Die Energiepreise lagen sogar um 8,9 Prozent tiefer als noch vor einem Jahr. Öl ist im Vergleich zum vergangenen Sommer sogar weniger als halb so teuer. Auch Lebensmittel sind günstiger als noch vor einem Jahr, der Preis für unverarbeitete Nahrungsmittel fiel um 0,9 Prozent. Industriegüter kosteten 0,1 Prozent weniger. Nennenswerten Preisauftrieb gab es nur bei Dienstleistungen, die sich um 1,0 Prozent verteuerten.
Dass die Entwicklung nicht allein auf fallende Energiepreise zurückgeht, zeigt die Kerninflationsrate. Sie ist mit 0,5 Prozent zwar positiv. Allerdings liegt die um Energie sowie Lebens- und Genussmittel bereinigte Teuerung so tief wie noch nie im Euroraum. Von Dezember auf Januar ging sie um 0,2 Prozentpunkte zurück.
Bereits vor einer Woche hatte die Europäische Zentralbank (EZB) eine historische Entscheidung getroffen, um die drohende Deflation - also die Gefahr einer gefährlichen Abwärtsspirale aus fallenden Preisen und schwacher Konjunktur - zu bekämpfen.

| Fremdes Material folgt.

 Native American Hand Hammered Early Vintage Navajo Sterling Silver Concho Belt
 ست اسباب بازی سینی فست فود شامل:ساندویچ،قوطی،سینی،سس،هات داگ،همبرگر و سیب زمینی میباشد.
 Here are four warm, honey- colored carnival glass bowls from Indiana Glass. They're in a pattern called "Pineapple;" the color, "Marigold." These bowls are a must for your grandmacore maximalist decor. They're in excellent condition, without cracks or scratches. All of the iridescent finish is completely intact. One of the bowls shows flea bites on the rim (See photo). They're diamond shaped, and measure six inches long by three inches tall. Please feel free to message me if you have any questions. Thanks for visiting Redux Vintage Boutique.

Die Zentralbank beschloss, von März 2015 an bis mindestens September 2016 jeden Monat Staatsanleihen und andere Wertpapiere für 60 Milliarden Euro zu kaufen. Insgesamt wird sie so weit mehr als eine Billion Euro in das Finanzsystem pumpen.
Das Vorgehen der EZB ist unter Volkswirten und Politikern sehr umstritten. Allerdings unterstützen die aktuellen Inflationszahlen den Kurs der Zentralbank. Sie ist dazu verpflichtet, Preisstabilität zu gewährleisten. Diese gilt als gegeben, wenn die Verbraucherpreise um knapp zwei Prozent im Jahr steigen. Zuletzt lag die Inflation Anfang 2013 in diesem Bereich - seitdem ist die Teuerungsrate fast durchgehend von Monat zu Monat gefallen.

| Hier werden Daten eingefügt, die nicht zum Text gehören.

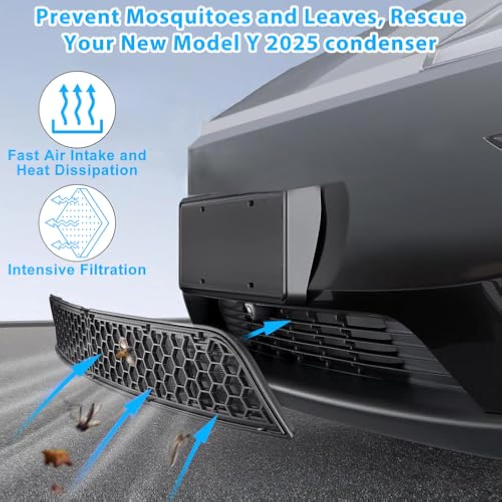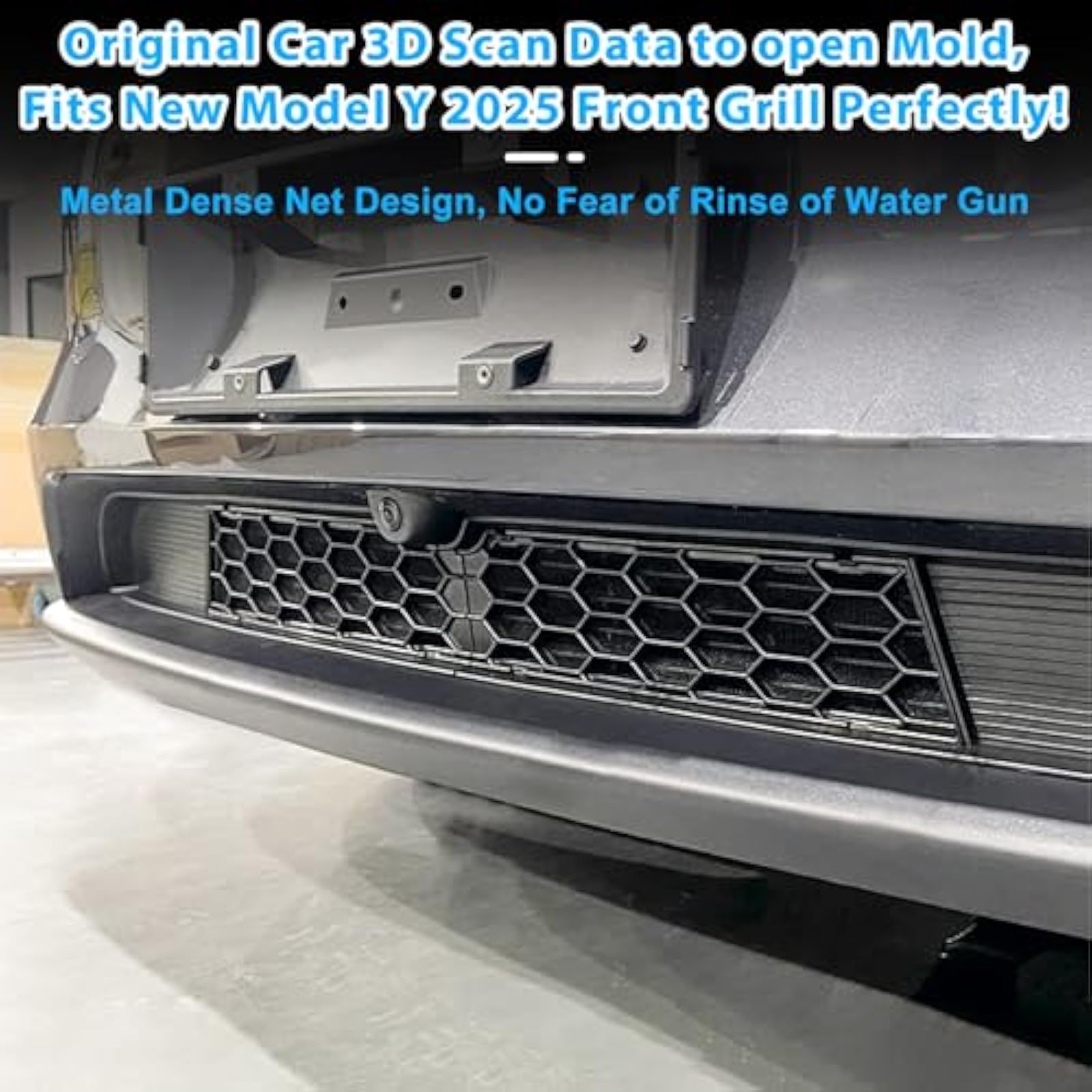 【Perfect Front Grille Mesh for New Model Y】The front mesh grille protective cover specially custom designed for Tesla New Model Y, installed at the front air inlet vent of the car. Uses the original car 3D scan data mold opening technology, 100% matching the original car. Perfect compatible with Tesla NEW Model Y 2025. NOT COMPATIBLE WITH MODEL Y 2019-2024.

Eine weitere Überraschung teilten die EU-Statistiker am Freitag in Bezug auf den Arbeitsmarkt am Ende des vergangenen Jahres mit. Die Erwerbslosenquote ging in den 19 Staaten der Eurozone im Dezember um 0,1 Prozentpunkte zurück, liegt aber noch bei 11,4 Prozent und damit auf hohem Niveau. In den fünf Monaten zuvor hatte sie durchgehend bei 11,5 Prozent gelegen.
Die Quote erreichte damit im Dezember den niedrigsten Wert seit August 2012. Konkret waren 18,129 Millionen Menschen arbeitslos und damit 157.000 weniger als im Vormonat. Am höchsten liegt der Anteil der Erwerbslosen in Griechenland, wo die Quote im Oktober bei 25,8 Prozent lag, und in Spanien (23,7 Prozent). Die niedrigsten Arbeitslosenquoten gab es in Deutschland (4,8 Prozent) und Österreich (4,9 Prozent).
Zusammengefasst: Im Januar sind die Verbraucherpreise in der Eurozone gefallen, zum zweiten Mal in Folge und überraschend stark. Hauptgrund: billiges Öl und billige Lebensmittel. Ebenfalls unerwartet ist auch die Arbeitslosigkeit im Euroraum leicht zurückgegangen.